By taking each point \(\left ( \zeta ,\omega _{n}\right ) \) from the above plot, then the pole location with coordinates \(-\zeta \omega _{n}\pm \omega _{n}\sqrt{1-\zeta ^{2}}\) is generated. The following shows the final result, showing the region where the poles have to be located in order to meet the performance requirements.

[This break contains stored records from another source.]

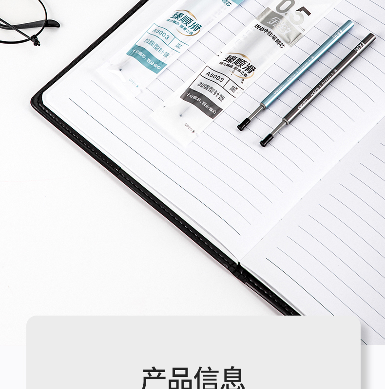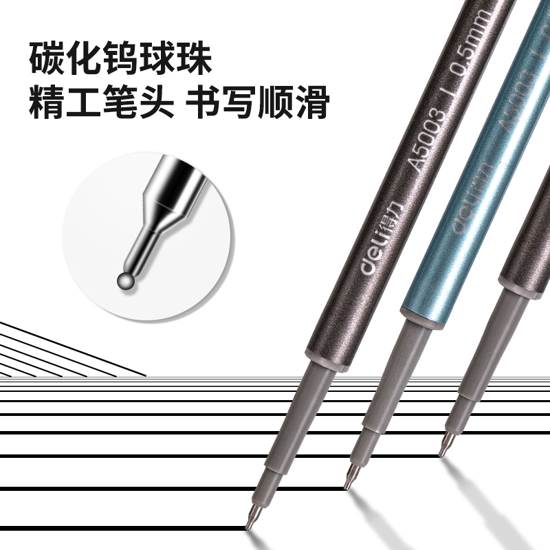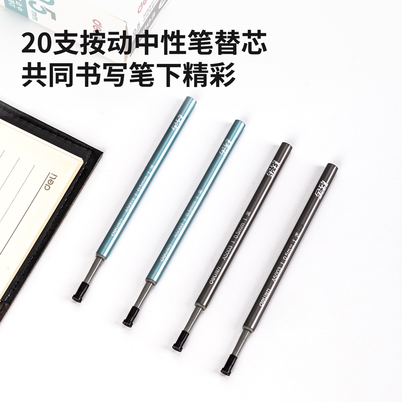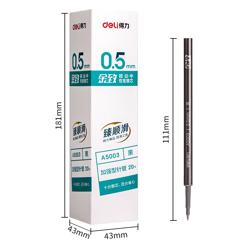 Deli Jinzhi series push pen core 0 5mm black reinforced needle tube smooth gel pen replacement core A5003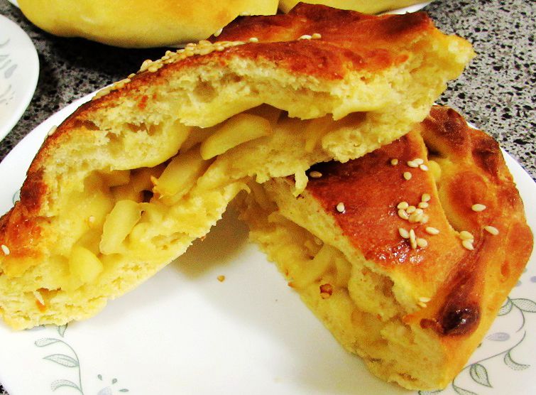 做法: 南瓜洗净去瓤后切长条,和洗净的紫薯一块放蒸锅大汽蒸十八粉钟,取出后把紫薯皮剥掉放一大碗捣成泥,然后盖好放冰箱备用。南瓜剥皮后放面上,取一小碗加四汤匙水,然后放红糖和酵母粉化开,边和面边慢慢均匀撒在面上。不需要太多水,蒸好的南瓜出水足够了。尽量把面和透,到软硬适中不粘手,表面平滑为好,然后等其发起。苹果洗净削皮去核后切小碎块。面发好后取一面板,撒上一汤匙面粉再柔透一次,然后按面板大小把面分几等份,切约两寸半大小的剂子,擀到三毫米厚,在一片上放苹果或紫薯馅,再盖另一块面皮,四周捏紧再卷起花纹,省十五到二十分钟。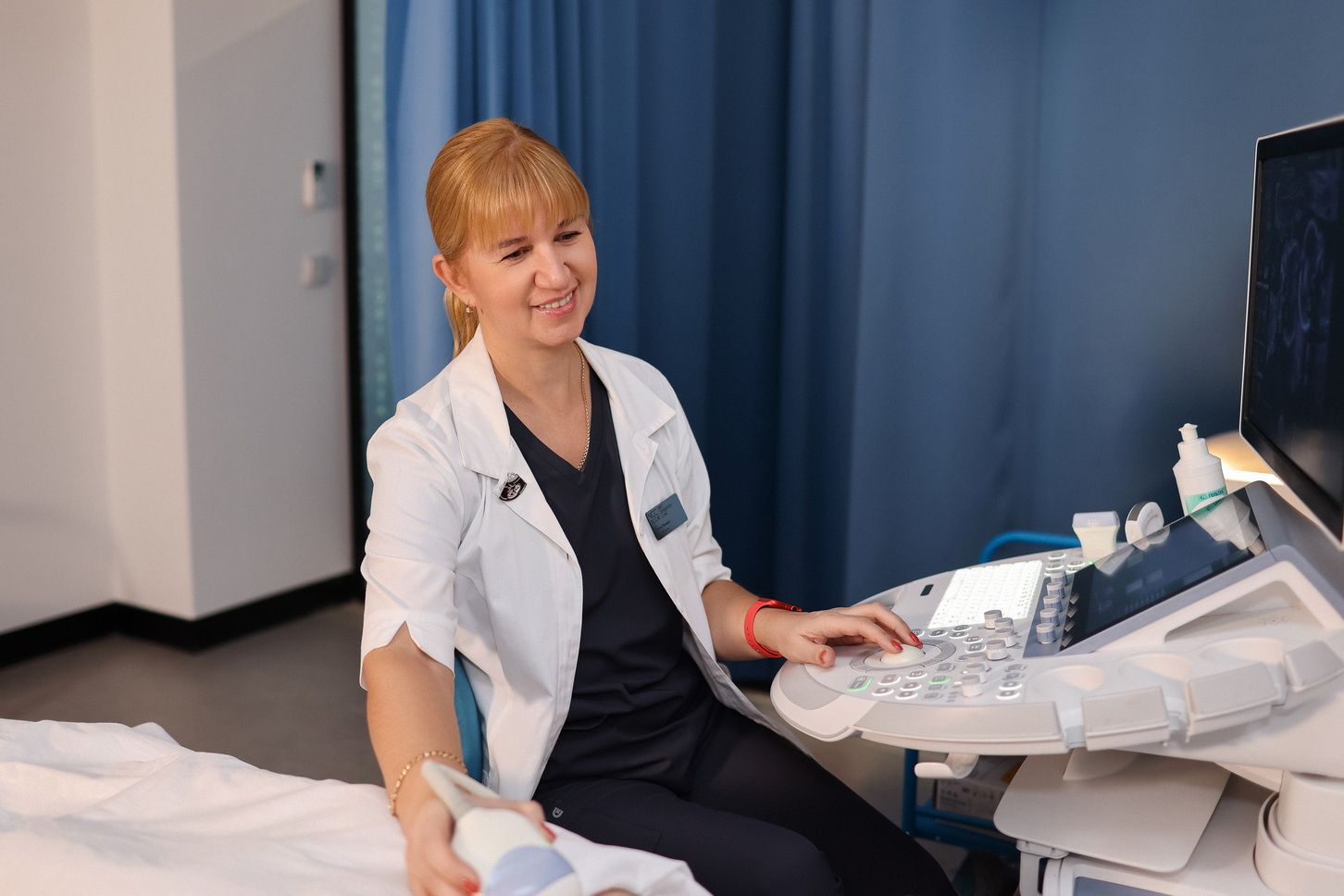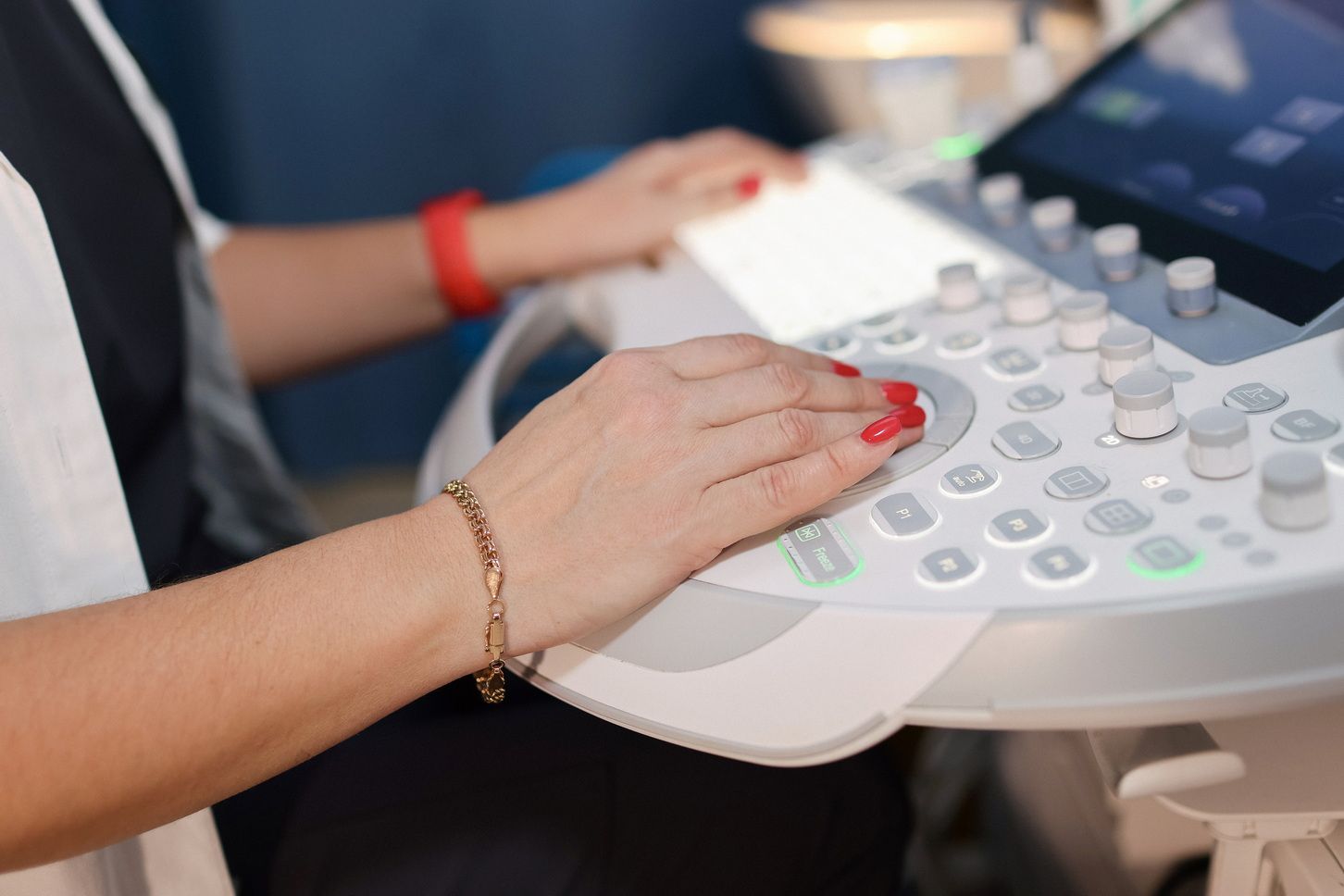 - С помощью датчика, которым врач водит по коже, проводится осмотр и выясняется состояние внутренних органов, находящихся в брюшной полости.
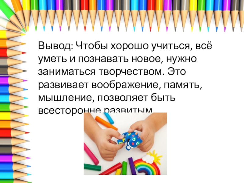 Вывод: Чтобы хорошо учиться, всё	 уметь и познавать новое, нужно заниматься творчеством. Это развивает воображение, память, мышление,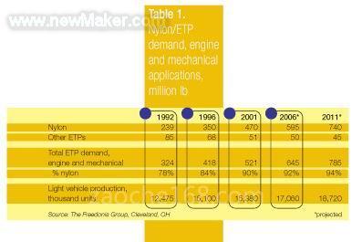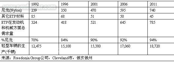 表一:尼龙/ETP在发动机和机械应用中的需求量(百万英磅)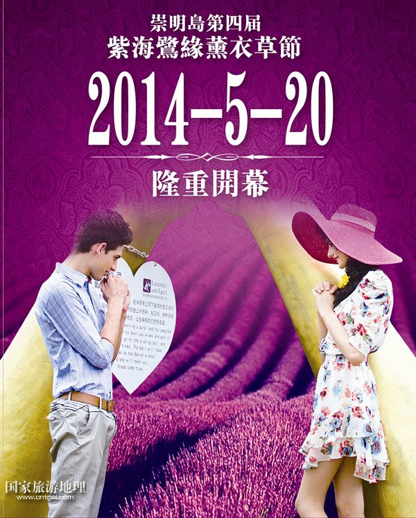 5月20日至6月20日,為期1個(gè)月的2014上海崇明島第四屆薰衣草節(jié)將在崇明島舉行,市民不用去法國普羅旺斯就可欣賞到紫色花海的美景了。此次活動(dòng)地點(diǎn)設(shè)在中國最美麗的“花園”——上海崇明島上的香草種植園紫海鷺緣浪漫愛情主題公園內(nèi)。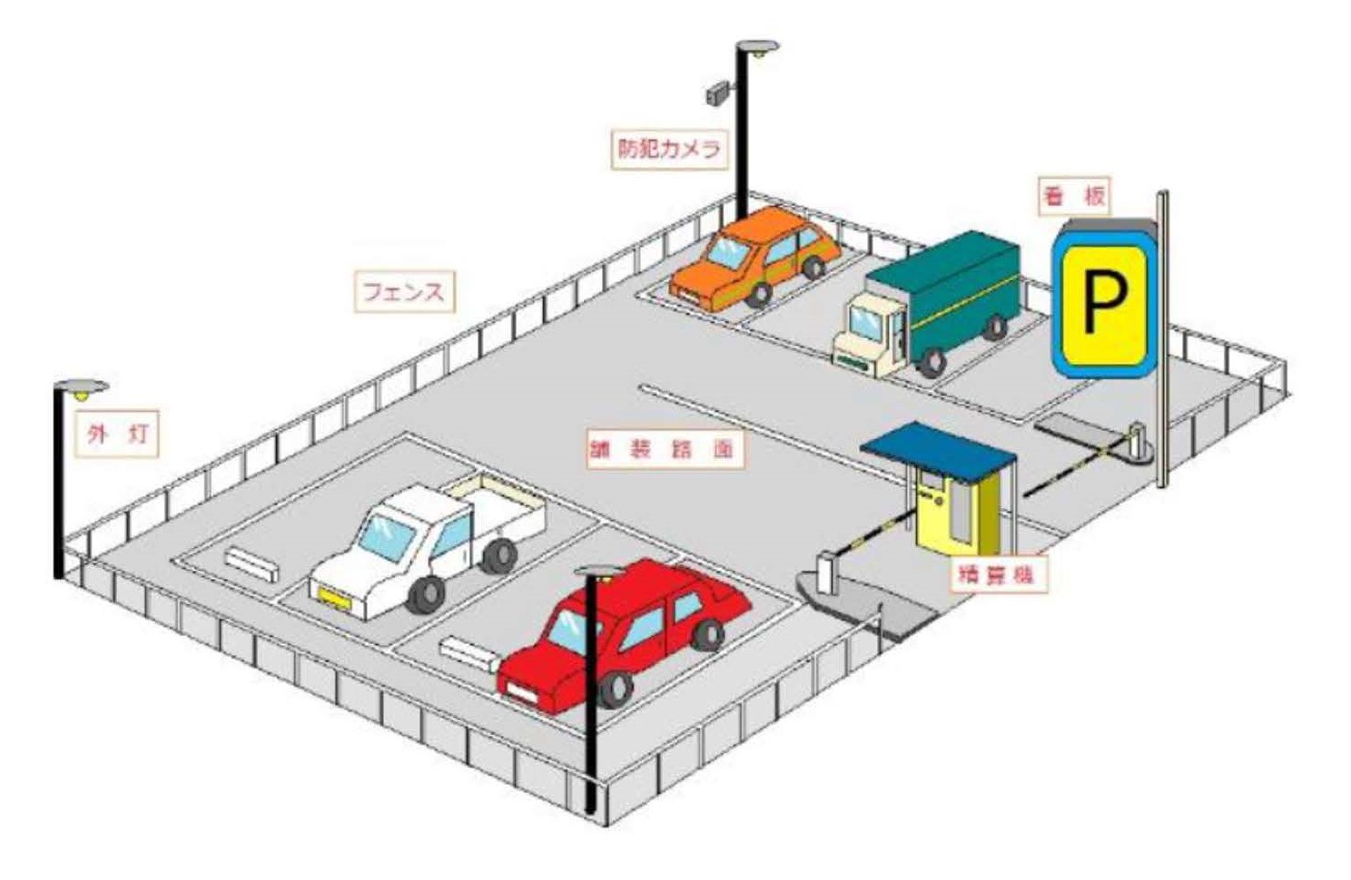 土地の有料駐車場内の償却資産の例としては、舗装路面(アスファルト、コンクリート舗装・砂利敷)、看板、精算機等の資産があり、申告・課税の対象となります。

The above diagram shows the location of each pair of poles as a small dot. Complex poles come in pair of conjugates. One pole will be above the real axis and its pair below the real axis.
SOLUTION:
The closed loop transfer function, in terms of \(K\) and \(K_{t}\) can be found using either Mason rule or simple block reduction. For this problem block reduction seems easier.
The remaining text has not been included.